In the late 1990s and early 2000s, researchers working on these pairwise combinations started to realize that they also need the third component. Influential approaches of this period include the Probabilistic Relational Models [Friedman et al., 1999], which extended the probabilistic graphical model approach toward relations, the probabilistic logic programming approach of Sato [1995], which extended the knowledge representation approach of Poole [1993b] with a learning mechanism, and approaches such as Bayesian and stochastic logic programs [Kersting and De Raedt, 2001, Cussens, 2001] working within an inductive logic programming tradition. Around 2000, Lise Getoor and David Jensen organized the first workshop on “Statistical Relational Learning” at AAAI which gathered researchers active in the area for this time. This was the start of a successful series of events that continues till today (since 2010 under the header “StarAI”).

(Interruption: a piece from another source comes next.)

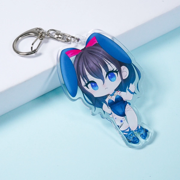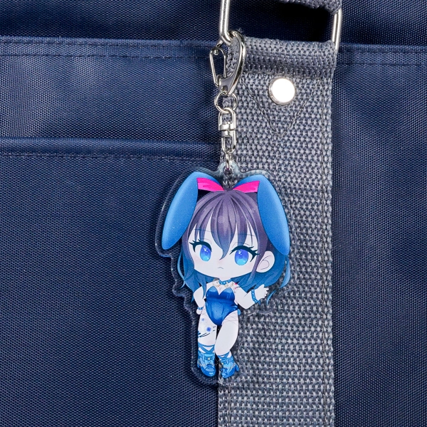 | 一言コメント | ブルーを基調とした、クールで小悪魔的な雰囲気のバニーガール風ちびキャラを描いたアクリルキーホルダーです。大きな垂れ耳やセクシーな衣装のディテールが可愛らしく、少しツンとした表情も魅力的です。キャラクターの動きのあるシルエットに合わせてアクリルがダイカット(切り抜き)されており、同人グッズやオリジナルキャラクターのアイテムとして、カバンにつけても存在感を放つデザインに仕上がっています。 |

In the early days, many additional formalisms were contributed such as RBNs [Jäger, 1997], MMMNs [Taskar et al., 2004], SRMs [Getoor et al., 2001c], MLNs [Richardson and Domingos, 2006], BLOG [Milch et al., 2005], RDNs [Neville and Jensen, 2004], and IBAL [Pfeffer, 2001], many of which are described in the book edited by Getoor and Taskar [2007]. Especially influential was the Markov Logic approach of Richardson and Domingos [2006], as it was an elegant combination of undirected graphical models with relational logic. In this early period, research focused a lot on representational and expressivity issues, often referring to the “alphabet-soup” of systems, reflecting the fact that many systems have names that use three or four letters from the alphabet. Around 2005, it was realized that the commonalities between the different systems are more important than their (often syntactic) differences, and research started to focus on key open issues surrounding learning and inference. One central question is that of lifted inference [Poole, 2003], that is, whether one can perform probabilistic inference without grounding out the probabilistic relational model first. Other questions concern the relationship to existing probabilistic and logical solvers and the continuing quest for efficient inference techniques. Finally, research on SRL and StarAI has also inspired the addition of probabilistic primitives to programming languages, leading to what is now called probabilistic programming. Although some of the early formalisms [Poole, 1993b, Sato, 1995, Pfeffer, 2001] already extend an existing programming language with probabilities, and hence, possess the power of a universal Turing machine, this stream of research became popular since BLOG [Milch et al., 2005] and Church [Goodman et al., 2008].